The following sections detail an analysis and present a set of
requirements and recommendations in those two areas.

Quinn, et al. Standards Track [Page 26]

RFC 8300 Network Service Header (NSH) January 2018

8.1. NSH Security Considerations from Operators' Environments

Trusted Devices

All Classifiers, SFFs and SFs (hereinafter referred to as "SFC
devices") within an operator's environment are assumed to have
been selected, vetted, and actively maintained; therefore, they
are trusted by that operator. This assumption differs from the
oft held view that devices are untrusted, often referred to as the
"zero-trust model". Operators SHOULD regularly monitor (i.e.,
continuously audit) these devices to help ensure compliant
behavior. This trust, therefore, extends into NSH operations: SFC
devices are not, themselves, considered to be attack vectors.
This assumption, and the resultant conclusion is reasonable since
this is the very basis of an operator posture; the operator
depends on this reality to function. If these devices are not
trusted, and indeed are compromised, almost the entirety of the
operator's standard-based IP and MPLS protocol suites are
vulnerable; therefore, the operation of the entire network is
compromised. Although there are well-documented monitoring-based
methods for detecting compromise (such as included continuous
monitoring and audit and log review), these may not be sufficient
to contain damage by a completely compromised element.

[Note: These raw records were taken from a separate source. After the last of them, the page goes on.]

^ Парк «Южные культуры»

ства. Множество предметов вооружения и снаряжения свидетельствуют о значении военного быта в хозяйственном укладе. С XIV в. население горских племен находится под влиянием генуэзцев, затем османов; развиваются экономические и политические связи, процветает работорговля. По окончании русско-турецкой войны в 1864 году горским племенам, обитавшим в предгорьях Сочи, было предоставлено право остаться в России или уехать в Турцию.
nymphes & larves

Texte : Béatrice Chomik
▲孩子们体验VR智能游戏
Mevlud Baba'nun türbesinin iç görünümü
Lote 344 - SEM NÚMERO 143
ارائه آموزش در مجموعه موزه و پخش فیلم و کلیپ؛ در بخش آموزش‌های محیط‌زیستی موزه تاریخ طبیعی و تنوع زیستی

Methods and best practices to secure devices are also widely
documented and outside the scope of this document.

Single Domain Boundary

As per [RFC7665], NSH is designed for use within a single
administrative domain. This scoping provides two important
characteristics:

i) Clear NSH boundaries

NSH egress devices MUST strip the NSH headers before they send the
users' packets or frames out of the NSH domain.

Means to prevent leaking privacy-related information outside an
administrative domain are natively supported by the NSH given that
the last SFF of a service path will systematically remove the NSH
encapsulation before forwarding a packet exiting the service path.

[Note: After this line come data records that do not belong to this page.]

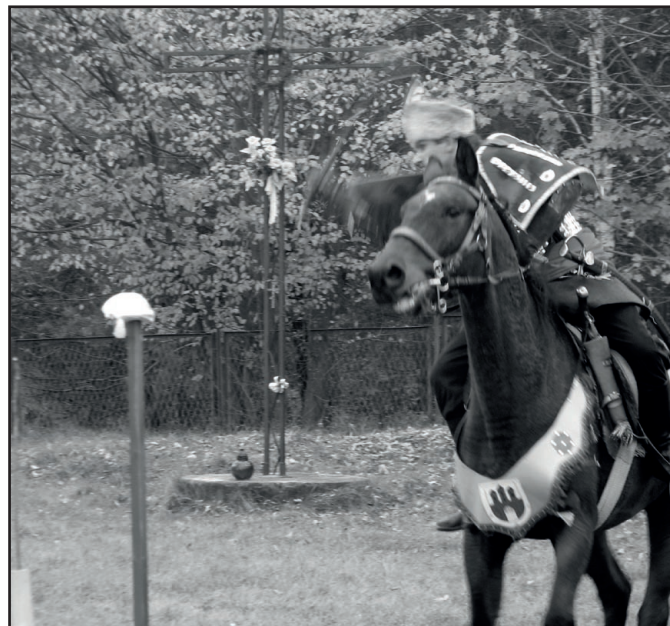
Ułan w natarciu - pokaz walk na szable obok ruin Huty Józefa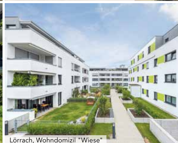
Lörrach, Wohndomizil "Wiese"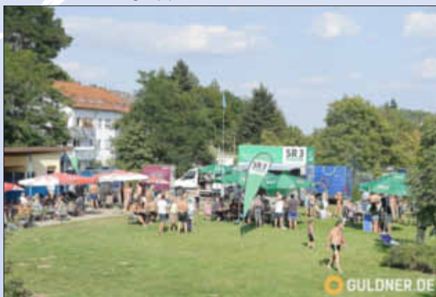
Richtig viel los auf der Wiese vor dem Bistro!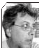
του Ακχ Ντάνου

ΓΙΑ ΕΛΛΕΙΨΗ ανταγωνιστικότητας των τουριστικών επιχειρήσεων δεν μιλά κανείς, παρά μόνο εκείνοι που προωθούν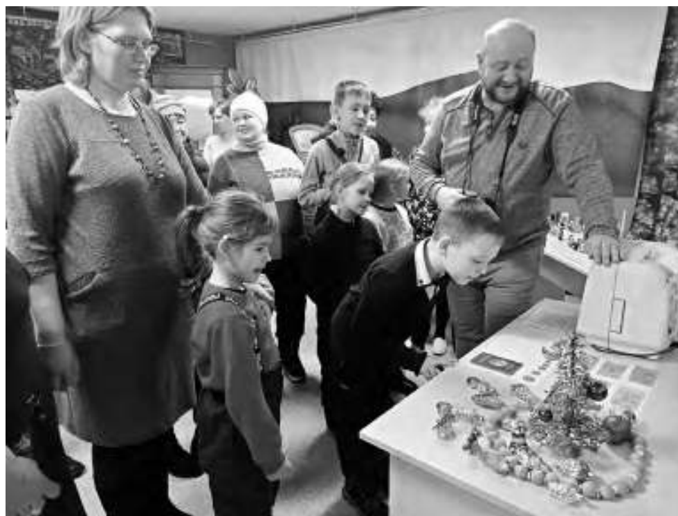
Детей очень заинтересовали советские деньги и ёлочные игрушки.

Сегодня существует множество приборов, которые облегчают женщинам работу по дому. В советские годы такого разнообразия не было, но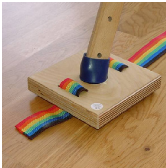
Schritt 4: Montage der Fußplatten mit den Gurtbändern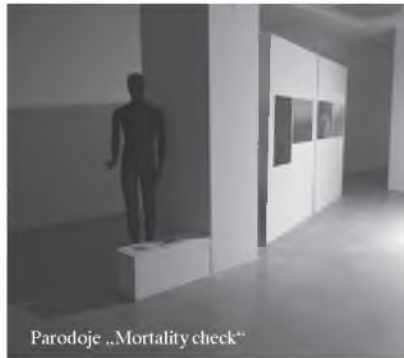
Parodoje „Mortality check“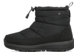
ブラック/ブラック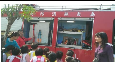
104. 03. 03 消防演練-認識消防車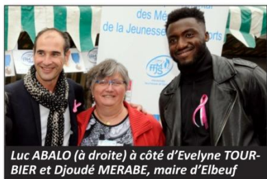
Luc ABALO (à droite) à côté d'Evelyne TOURBIER et Djoudé MERABE, maire d'Elbeuf

Le dimanche 10 septembre, sous un soleil frais mais radieux, s'est déroulée la manifestation Elbeuf-sur-Fête, grand rassemblement des associations sportives, culturelles et caritatives de l'agglomération elbeuvienne, avec pour point d'orgue un invité d'honneur, sportif de très haut niveau et membre de l'équipe de France, le très sympa-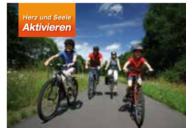
Herz und Seele Aktivieren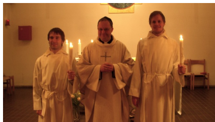
Konfirmation i påsknattsliturgin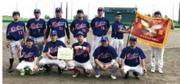
▲軟式野球競技優勝の一区チーム

6月10日(日)会場 ベースボールスタジアム 優勝・・・一区 (2年ぶり6回目) 準優勝・・・三区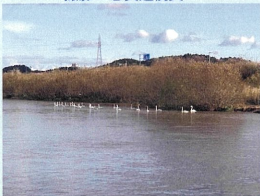
吉田川右岸 27.5キロ付近にて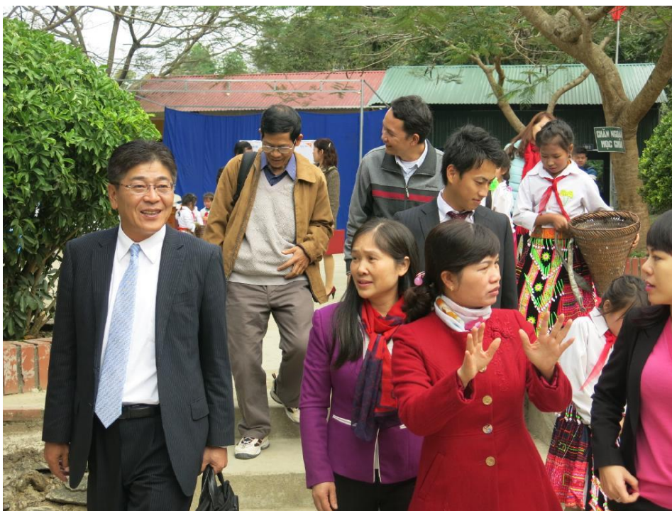
学校施設の状況を視察する三井住友ベトナム法人の関係者の方々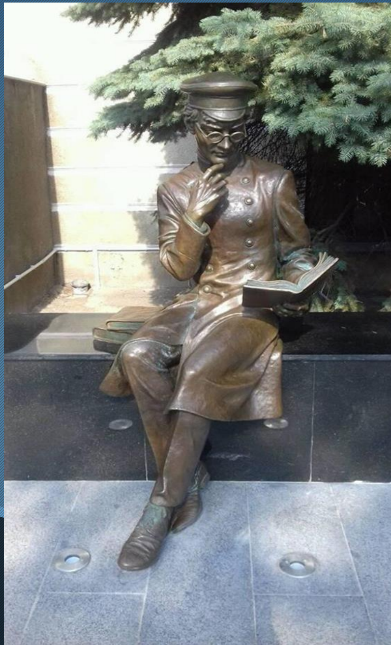
Студент – медик. 19 століття.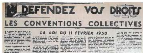
1 La loi sur les conventions collectives du 11 février 1950 a été obtenue à l'issue d'un appel à la grève lancé par FO en novembre 1949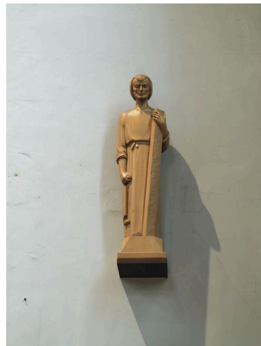
Saint Joseph

The second step in such prevention is to filter the transport
encapsulation protocol used by NSH at the domain edge. The
transport encapsulation protocol MUST be filtered and MUST NOT
leave the domain edge.

Quinn, et al. Standards Track [Page 27]

RFC 8300 Network Service Header (NSH) January 2018

Depending upon the transport encapsulation protocol used for NSH,
this can be done either by completely blocking the transport
encapsulation (e.g., if MPLS is the chosen NSH transport
encapsulation protocol, it is therefore never allowed to leave the
domain) or by examining the carried protocol with the transport
encapsulation (e.g., if VXLAN-gpe is used as the NSH transport
encapsulation protocol, all domain edges need to filter based on
the carried protocol in the VXLAN-gpe.)

The other consequence of this bounding is that ingress packets
MUST also be filtered to prevent attackers from sending in NSH
packets with service path identification and metadata of their own
selection. The same filters as described above for both the NSH
at SFC devices and for the transport encapsulation protocol as
general edge protections MUST be applied on ingress.

In summary, packets originating outside the SFC-enabled domain
MUST be dropped if they contain an NSH. Similarly, packets
exiting the SFC-enabled domain MUST be dropped if they contain an
NSH.

ii) Mitigation of external threats

As per the trusted SFC device points raised above, given that NSH
is scoped within an operator's domain, that operator can ensure
that the environment and its transitive properties comply with
that operator's required security posture. Continuous audits for
assurance are recommended with this reliance on a fully trusted
environment. The term "continuous audits" describes a method
(automated or manual) of checking security-control compliance on a
regular basis, at some set period of time.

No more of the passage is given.